SOURCE DATA:
BEGIN
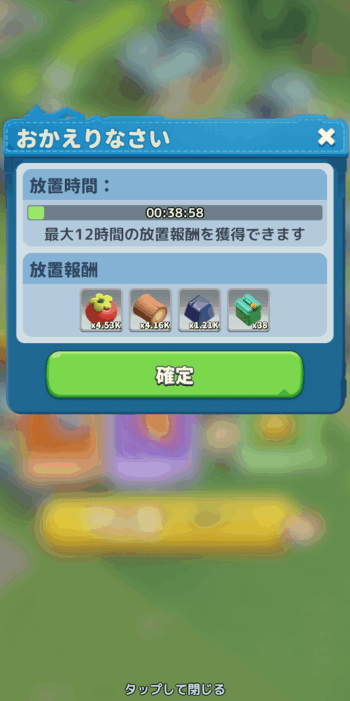 放置報酬で木材を入手できます。放置報酬は最大で12時間ためることができます。オフラインでもたまっていきます。1日2回受け取っておくことで多くの木材を入手できます。
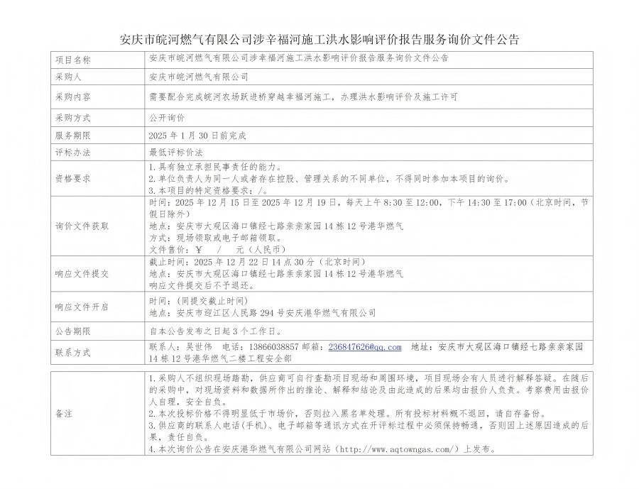 安慶市皖河燃?xì)庥邢薰旧嫘粮:邮┕ず樗绊懺u(píng)價(jià)報(bào)告服務(wù)詢(xún)價(jià)文件公告 發(fā)布時(shí)間:2025-12-15    閱讀次數(shù):814次
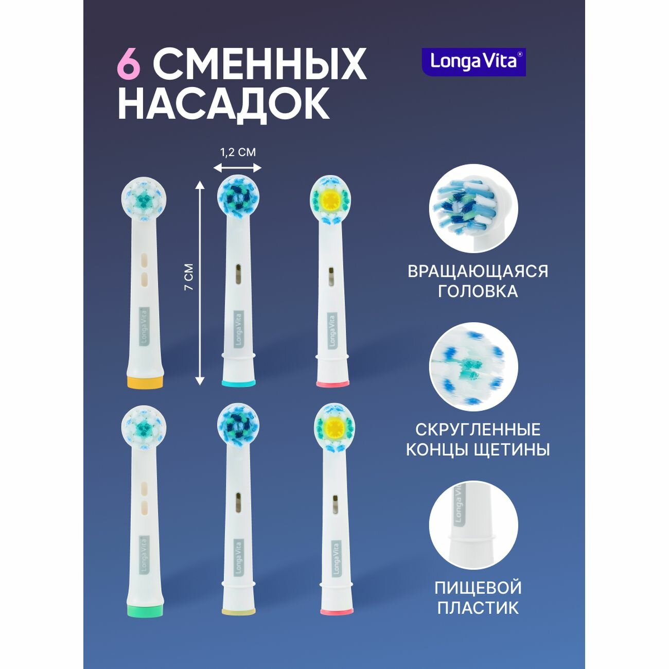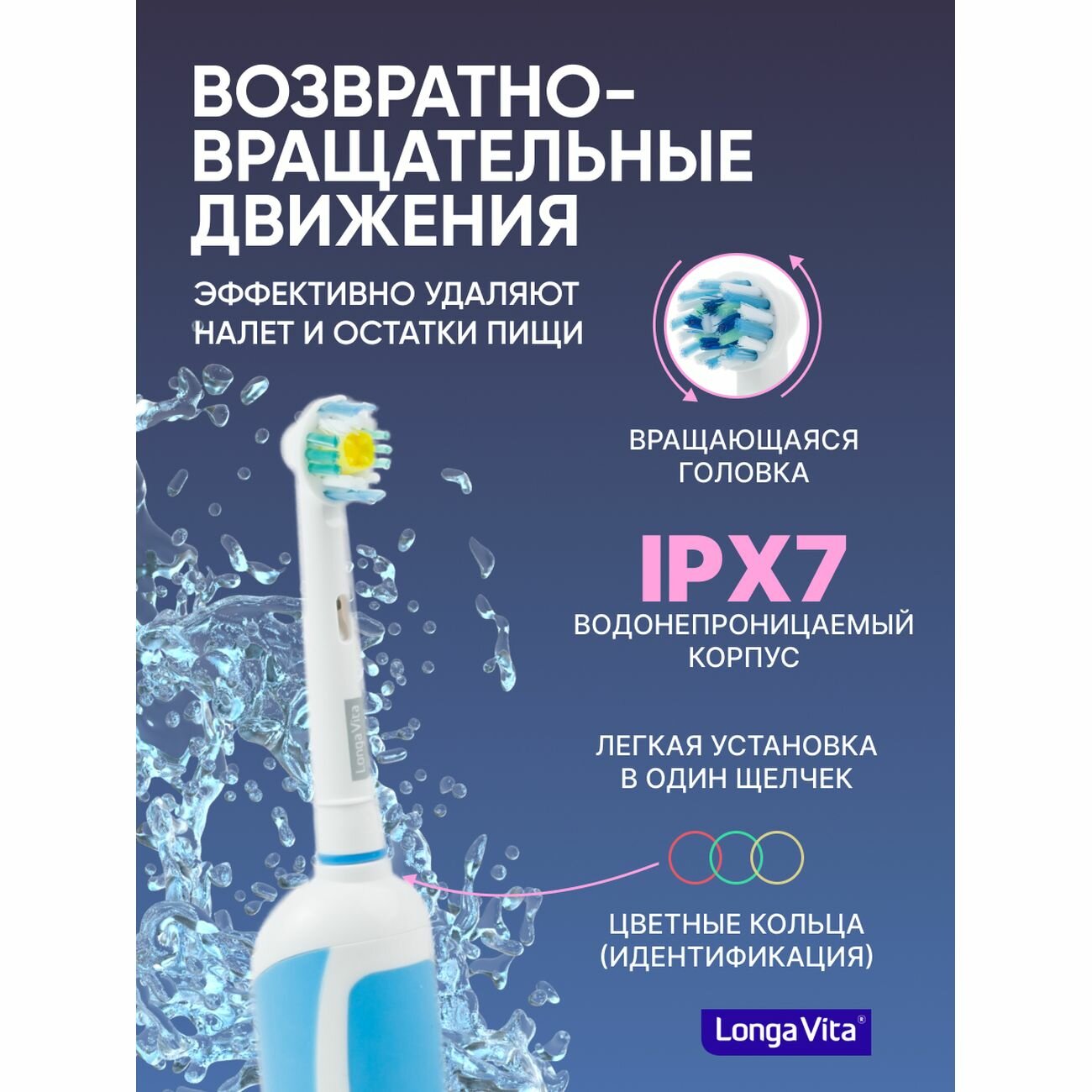 Longa Vita SoClean Электрическая зубная щетка для взрослых, 4 сменные насадки
END
WORK INSTRUCTION:
All of the material above should be output exactly, with the pictures left behind.

ANSWER AREA:
 放置報酬で木材を入手できます。放置報酬は最大で12時間ためることができます。オフラインでもたまっていきます。1日2回受け取っておくことで多くの木材を入手できます。
 安慶市皖河燃?xì)庥邢薰旧嫘粮:邮┕ず樗绊懺u(píng)價(jià)報(bào)告服務(wù)詢(xún)價(jià)文件公告 發(fā)布時(shí)間:2025-12-15    閱讀次數(shù):814次
 Longa Vita SoClean Электрическая зубная щетка для взрослых, 4 сменные насадки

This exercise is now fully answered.